To find essential genes and understand the biology of intestinal helminths further, we compared four selected zoonotic intestinal parasites (Taenia multiceps, Ancylostoma caninum, Trichinella spiralis and Ascaris suum). The available transcript datasets of four species of zoonotic intestinal parasites were chosen to detect common genes that may be involved in adapting to intestinal parasitic life based on KEGG annotations. Of the 32,895 annotated nucleotide ESTs (40,66% of 80,905) of A. caninum, 11,645 annotated unigenes (37.26% of 31,282) of T. multiceps and 2,110 annotated CDSs (12.88% of 16,380) of T. spiralis, 145 common genes were found from the overlapping annotated part (identity ≥80%) of A. caninum, T. spiralis and T. multiceps (Figure 5A). Together with 12,703 annotated contigs (19.26% of 65,952) of A. suum, 109 common genes were found from overlapping parts (Figure 5B) of the four species of intestinal parasites, which could constitute essential genes or potential drug targets. The 109 common genes IDs with corresponding annotations among T. multiceps, T. spiralis, A. caninum and A. suum are shown in Table S3. Here, one (unigene 18109) of the common genes was identified using RT-PCR, with the accession number GU205474 in GenBank.

Figure 5

Venn diagram showing the overlap sequences among four intestinal parasites and five Taeniidae cestodes.

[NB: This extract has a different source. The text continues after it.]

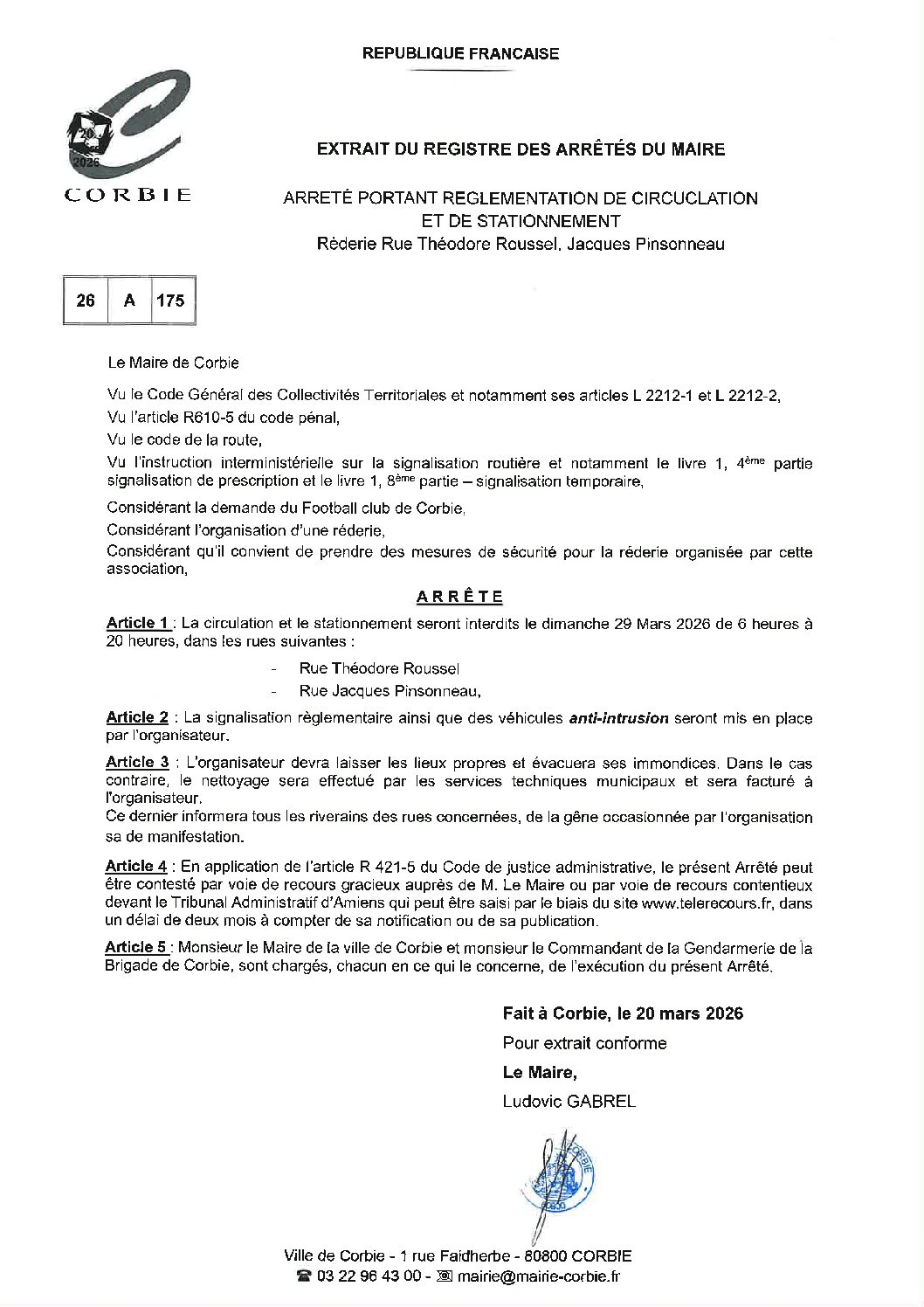 Arrêté – Circulation et stationnement rues Théodore Roussel et Jacques Pinsonneau – Mars 2026

(A) 145 common genes shared by T. multiceps, T. spiralis and A. caninum. (B) 109 common genes shared by T. multiceps, T. spiralis, A. caninum and A. suum. (C) 5,100 common genes among T. multiceps, T. pisiformis and T. solium. (D) 261 conserved genes between T. multiceps, T. pisiformis, T. solium, E. granulosus and E. multilocularis.

Venn diagram showing the overlap sequences among four intestinal parasites and five Taeniidae cestodes.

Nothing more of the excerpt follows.